The top three companies in the ranking are Munich Reinsurance Co., Swiss Re Ltd. and Hannover Rueckversicherung AG, while the only change in the top 10 was SCOR S.E. advancing ahead of Berkshire Hathaway Inc.

“Gross premiums written (GPW) among the top 50 grew 2.8% compared with 2012, while non-life GPW alone increased by 1.7%. The increase could be a result of some selective opportunities in specialty lines, as well as growth into emerging markets by some global players,” the report adds.

“Benign catastrophe years can mask a weak earnings environment, but as market traction diminishes for traditional companies, the side effect of reduced earnings power burgeons,” states the report. “It has always been best to view reinsurance earnings not just quarter-over-quarter or year-over-year, but rather over several years,” it adds.

“Traditional balance sheets are evolving with the market and the reinsurance sector for a long time has been innovative and nimble. However, it is difficult to stray away from the simple fact that compressed investment yield and compressed underwriting margins strain profitability. That ultimately places a drag on financial strength,” states the report.

It notes that the reinsurance sector’s 2013 year-end results and 2014 year-to-date results “positively skew earnings trends and prospective earnings potential, and ignore that companies are being paid less and less to bear risk.”

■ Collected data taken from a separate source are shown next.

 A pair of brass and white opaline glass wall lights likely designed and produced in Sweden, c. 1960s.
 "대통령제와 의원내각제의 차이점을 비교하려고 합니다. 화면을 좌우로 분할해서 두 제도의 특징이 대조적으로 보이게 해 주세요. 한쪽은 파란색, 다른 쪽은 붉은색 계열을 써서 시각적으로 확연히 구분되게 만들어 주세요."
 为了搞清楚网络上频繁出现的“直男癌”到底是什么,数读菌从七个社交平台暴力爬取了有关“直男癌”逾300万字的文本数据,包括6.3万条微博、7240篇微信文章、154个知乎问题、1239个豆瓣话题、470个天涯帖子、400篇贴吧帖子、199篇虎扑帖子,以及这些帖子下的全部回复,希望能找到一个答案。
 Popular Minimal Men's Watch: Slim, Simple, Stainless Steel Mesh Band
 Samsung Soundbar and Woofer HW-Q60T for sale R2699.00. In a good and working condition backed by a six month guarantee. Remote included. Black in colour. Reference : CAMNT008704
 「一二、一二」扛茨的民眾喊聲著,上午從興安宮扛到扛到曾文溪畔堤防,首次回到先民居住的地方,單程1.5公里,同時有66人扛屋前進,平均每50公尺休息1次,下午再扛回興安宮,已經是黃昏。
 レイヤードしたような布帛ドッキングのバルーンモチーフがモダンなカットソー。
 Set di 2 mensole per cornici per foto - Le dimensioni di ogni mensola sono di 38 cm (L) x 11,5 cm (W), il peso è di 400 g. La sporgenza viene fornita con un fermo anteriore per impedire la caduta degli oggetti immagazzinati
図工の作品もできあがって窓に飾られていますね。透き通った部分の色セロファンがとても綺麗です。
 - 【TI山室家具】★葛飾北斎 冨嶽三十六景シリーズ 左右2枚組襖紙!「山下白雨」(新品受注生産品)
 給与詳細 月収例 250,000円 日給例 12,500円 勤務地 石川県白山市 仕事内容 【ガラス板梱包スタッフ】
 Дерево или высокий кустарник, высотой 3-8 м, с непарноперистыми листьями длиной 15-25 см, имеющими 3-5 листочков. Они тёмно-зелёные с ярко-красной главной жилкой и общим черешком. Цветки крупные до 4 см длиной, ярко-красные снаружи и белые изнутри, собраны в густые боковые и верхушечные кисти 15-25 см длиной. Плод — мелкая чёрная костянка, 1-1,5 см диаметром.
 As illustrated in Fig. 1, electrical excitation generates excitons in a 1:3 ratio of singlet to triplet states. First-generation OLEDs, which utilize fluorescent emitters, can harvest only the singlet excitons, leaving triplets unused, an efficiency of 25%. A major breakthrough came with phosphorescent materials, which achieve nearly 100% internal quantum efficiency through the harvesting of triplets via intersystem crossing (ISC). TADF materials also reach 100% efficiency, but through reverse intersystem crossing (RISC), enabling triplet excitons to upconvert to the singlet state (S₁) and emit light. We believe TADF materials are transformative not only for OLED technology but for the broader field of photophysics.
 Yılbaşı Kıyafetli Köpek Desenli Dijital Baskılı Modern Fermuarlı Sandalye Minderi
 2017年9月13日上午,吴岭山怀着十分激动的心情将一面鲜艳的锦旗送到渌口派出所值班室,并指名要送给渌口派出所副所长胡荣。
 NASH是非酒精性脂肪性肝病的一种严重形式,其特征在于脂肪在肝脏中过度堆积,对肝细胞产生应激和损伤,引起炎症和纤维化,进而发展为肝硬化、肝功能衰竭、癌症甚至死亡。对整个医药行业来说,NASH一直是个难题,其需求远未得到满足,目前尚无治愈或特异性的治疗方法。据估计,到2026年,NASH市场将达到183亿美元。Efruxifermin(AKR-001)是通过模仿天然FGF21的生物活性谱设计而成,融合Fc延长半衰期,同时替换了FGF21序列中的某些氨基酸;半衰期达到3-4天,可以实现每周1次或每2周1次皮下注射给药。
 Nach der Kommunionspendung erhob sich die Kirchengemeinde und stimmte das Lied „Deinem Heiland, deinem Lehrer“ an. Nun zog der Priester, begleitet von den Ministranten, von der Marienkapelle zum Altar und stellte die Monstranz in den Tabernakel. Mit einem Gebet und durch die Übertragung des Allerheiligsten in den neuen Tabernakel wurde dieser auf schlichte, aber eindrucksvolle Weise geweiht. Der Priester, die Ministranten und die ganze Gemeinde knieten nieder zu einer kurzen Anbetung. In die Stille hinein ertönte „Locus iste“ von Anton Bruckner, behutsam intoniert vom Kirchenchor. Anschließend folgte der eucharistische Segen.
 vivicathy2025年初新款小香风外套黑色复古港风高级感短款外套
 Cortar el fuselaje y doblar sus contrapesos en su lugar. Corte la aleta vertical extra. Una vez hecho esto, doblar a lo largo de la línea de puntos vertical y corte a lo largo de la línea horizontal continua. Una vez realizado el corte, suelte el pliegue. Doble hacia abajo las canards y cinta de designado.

While traditional reinsurers have taken steps to partially offset this risk, “given where rate adequacy is, it will continue to take optimal conditions, including benign or near-benign catastrophe years, a continued flow of net favourable loss reserve development and stable financial markets to produce even low double-digit returns,” the report cautions.

Other findings from the special report include the following:

• most Asian reinsurers’ results were favourable in 2013, but a dramatic softening of the market, in line with the global market, along with consolidation, may increase potential volatility;

• MENA (Middle East & North Africa) domiciled reinsurers have a strong presence in a single market, benefiting from compulsory cessions or have limited their exposure, and have demonstrated a track record of profitability; and

• Africa’s highly competitive insurance markets continue to attract scrutiny and rising interest from around the world, particularly from parties in the United States and Europe.

“Looking forward, the overall market environment remains challenging, and comp
anies for the most part are realistic about the returns they can achieve in the current market. Pricing is not expected to improve for the Jan. 1 renewal, absent any major event,” A.M. Best adds.